Of the poetry in this volume Susan Pleasants, now Mrs. Creswell, of Louisiana, is one author. Amie, T. Dunn English, Cameron Risque, Fanny Fielding and W. W. Turner are others.

The Editorial Table for May, 1860, opens thus: "The editorial conduct of this magazine will pass into other hands with the next issue." Then comes a valedictory well enough conceived and expressed, so far as it goes. But there is not one word of any reason for the change, or of what he intends to do, or whither to go. He compliments his successor, but does not name him.

The next month, however, that successor, Dr. Geo. W. Bagby, another young man, informs us that on the 15th of May, from 5 P. M., at Zetelle's restaurant, a complimentary dinner was given to Mr. Thompson, by a number of his friends and admirers. Mr. W. H. Macfarland presides, with Mr. Thompson on his right. Among the invited guests are Jno. E. Cooke, Dr. H. G. Latham, of Lynchburg, and Dr. Bagby. Mr. Thompson responds to a speech from Mr. Macfarland; there were toasts and other speeches and Dr. C. Bell Gibson sings a song of his own making, in which there is an allusion to the Field and Fireside. Mr. Thompson recites, by request, the poem he wrote for the Old Dominion Society of New York, on their first anniversary, and which was read at their dinner, by the Hon. Alex. Boteler.
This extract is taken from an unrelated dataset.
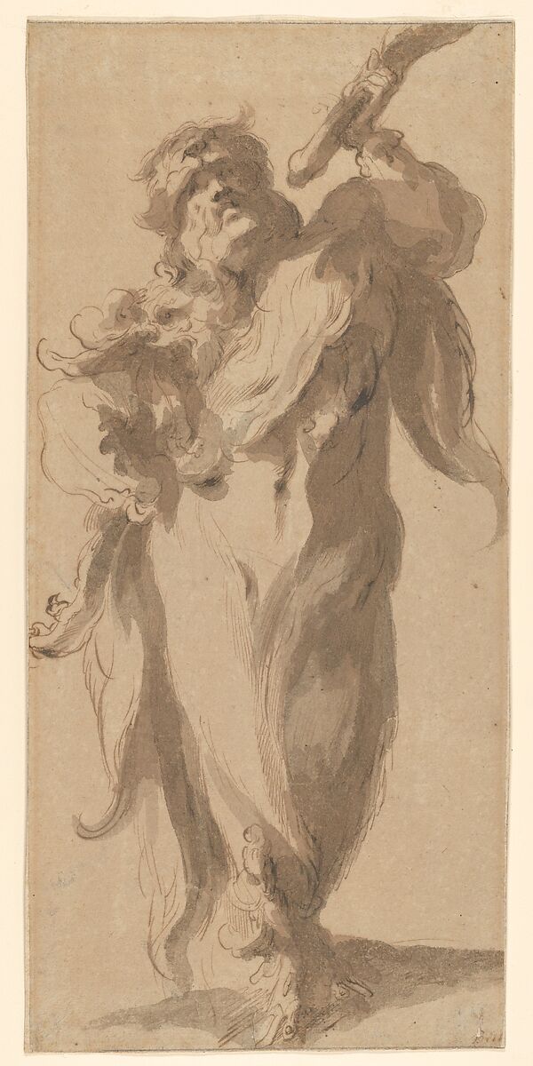 Few paintings survive by Jacques Bellange, a favored artist of the ducal court of Lorraine in what is today northeastern France. His reputation as one of the greatest late Mannerist artists is due primarily to his extant prints and drawings, which are distinguished by their idiosyncratic style combining courtly elegance and psychological expressiveness. This recently discovered sheet is entirely characteristic of Bellange's style as a draftsman. Flamboyant curves and curlicues are produced in a rapid ink line, delineating the figure's beard, the animal skins draped from his shoulder, and his elaborate sandals. Passages of parallel hatching, reinforced by blocky areas of wash, model his powerful, twisting form in a pose suggestive of both force and grace.

Mr. Macfarland stood very high in Richmond and had had a good deal of experience on such occasions. He was a little pompous in his manner and appearance; but was a Christian gentleman of high character and generous spirit. He was also a good writer and speaker and was selected as the orator for the public celebration in honor of the Hon. Benjamin Watkins Leigh. Mr. Leigh was truly a great man and the orator eulogized him appropriately and deservedly. His effort was published in the Messenger.

The celebration took place in the Capitol Square, where preparations had been made for it, in the walk which runs now at the foot of the steps to the new State Library.

Though Mr. Thompson did not tell it to the readers of the Messenger, he had accepted a position with the Field and Fireside, a weekly agricultural and literary journal of Augusta, Ga. He had given it several flattering notices in the Messenger, which stated that it was edited (perhaps founded) by his friend and Paris correspondent, W. W. Mann. Mr. Thompson did a good part by the Messenger for about thirteen years.